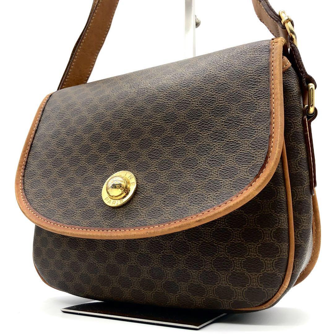 > 【希少デザイン】CELINE セリーヌ ショルダーバッグ ポーチ ポシェット スターボール マカダム柄 総柄 ブラゾン 肩掛け 斜め掛け ブラウン
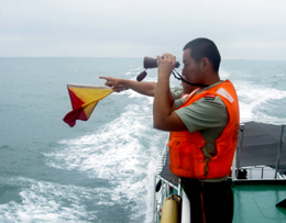 9月2日,浙江海警一支隊官兵在海上進行搜救工作。當日凌晨2時,浙江溫州海域發生一起沉船事故,一艘韓國籍貨輪與一艘中國籍漁船相撞,中國漁船當場沉沒,七名船員全部落水。截至9月2日16時30分,已有一人獲救,其余六人仍下落不明。
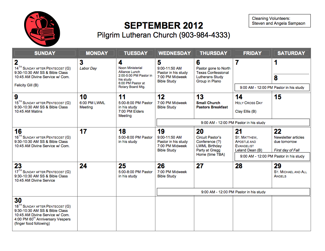 Calendar, September 2012
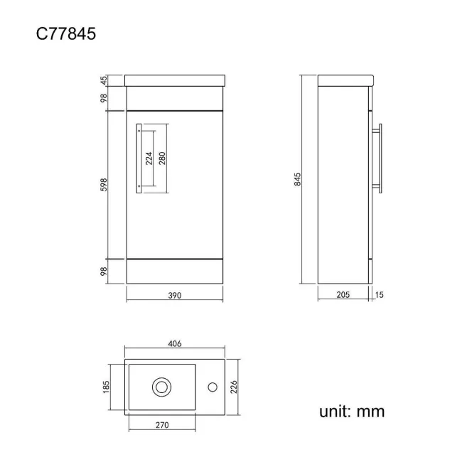 Avon Gloss White Cloakroom Floor Standing Basin Vanity 400mm - Black Accents
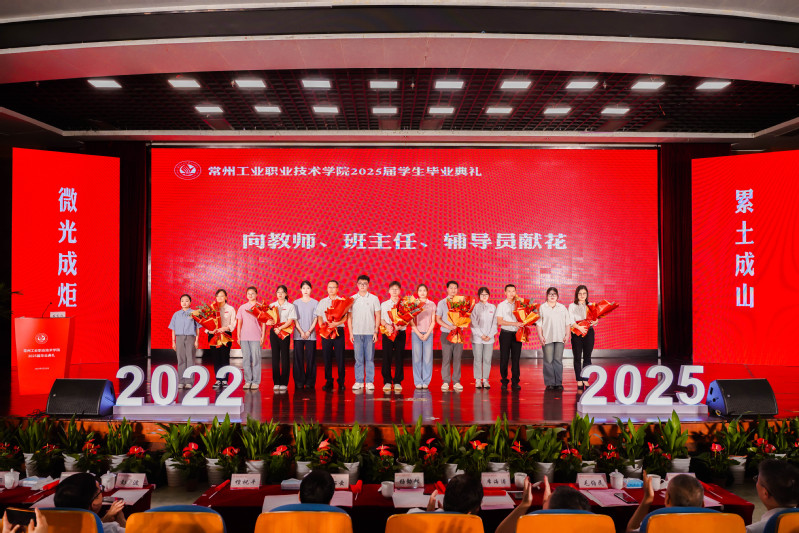毕业典礼还举行了学生献唱以及毕业生代表向教师、班主任、辅导员代表、宿管阿姨、保安大叔、食堂师傅献花等活动。
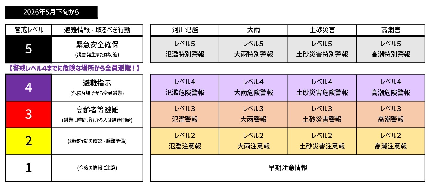 これまでも避難行動をとるべき段階に応じて、1~5までの「警戒レベル」が設定され、
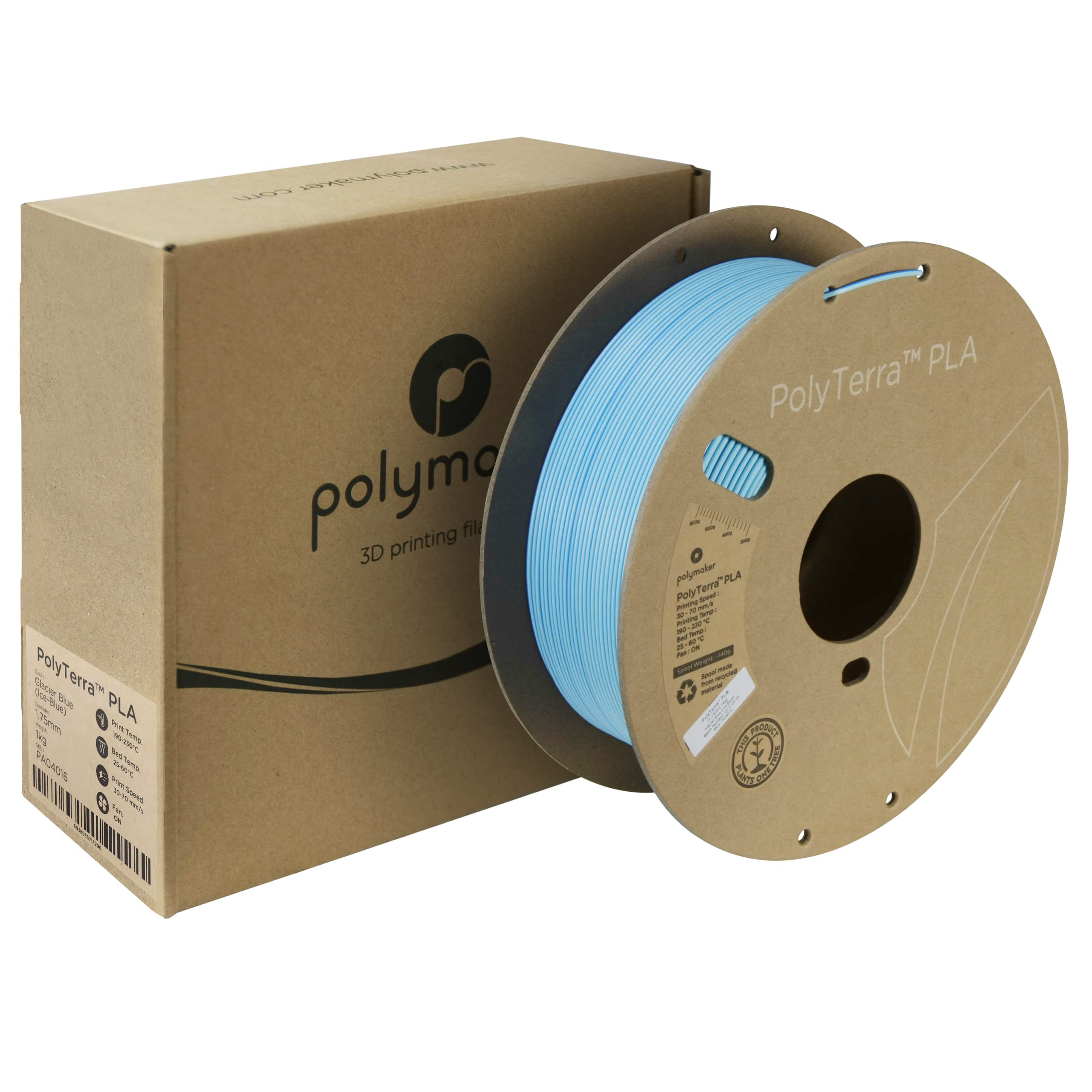 - ♻️ Cardboard Spool: PolyTerra PLA filament comes in fully recycled cardboard packaging and is well-liked by hundreds of thousands of Polymaker customers.
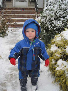 We have had an extremely mild winter so far, but last weekend there was finally a bit of snow. Ben wasn't sure about the way it stuck to his gloves, and spent a LOT of time trying to brush it off his snowboots. But he was amused by his parents having an extremely ineffectual snowball fight.
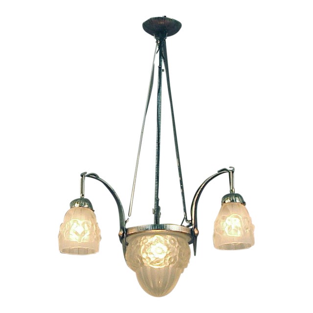 Art Deco French 4 Light Nickeled Wrought Iron Chandelier With Center Bowl
◆ ◆ ◆
- **Your instructions**: Please retype the whole listing above exactly, without any of its images.

- **Solution to the exercise**:
 > 【希少デザイン】CELINE セリーヌ ショルダーバッグ ポーチ ポシェット スターボール マカダム柄 総柄 ブラゾン 肩掛け 斜め掛け ブラウン
 9月2日,浙江海警一支隊官兵在海上進行搜救工作。當日凌晨2時,浙江溫州海域發生一起沉船事故,一艘韓國籍貨輪與一艘中國籍漁船相撞,中國漁船當場沉沒,七名船員全部落水。截至9月2日16時30分,已有一人獲救,其余六人仍下落不明。
 Calendar, September 2012
 Avon Gloss White Cloakroom Floor Standing Basin Vanity 400mm - Black Accents
毕业典礼还举行了学生献唱以及毕业生代表向教师、班主任、辅导员代表、宿管阿姨、保安大叔、食堂师傅献花等活动。
 これまでも避難行動をとるべき段階に応じて、1~5までの「警戒レベル」が設定され、
 - ♻️ Cardboard Spool: PolyTerra PLA filament comes in fully recycled cardboard packaging and is well-liked by hundreds of thousands of Polymaker customers.
 We have had an extremely mild winter so far, but last weekend there was finally a bit of snow. Ben wasn't sure about the way it stuck to his gloves, and spent a LOT of time trying to brush it off his snowboots. But he was amused by his parents having an extremely ineffectual snowball fight.
 Art Deco French 4 Light Nickeled Wrought Iron Chandelier With Center Bowl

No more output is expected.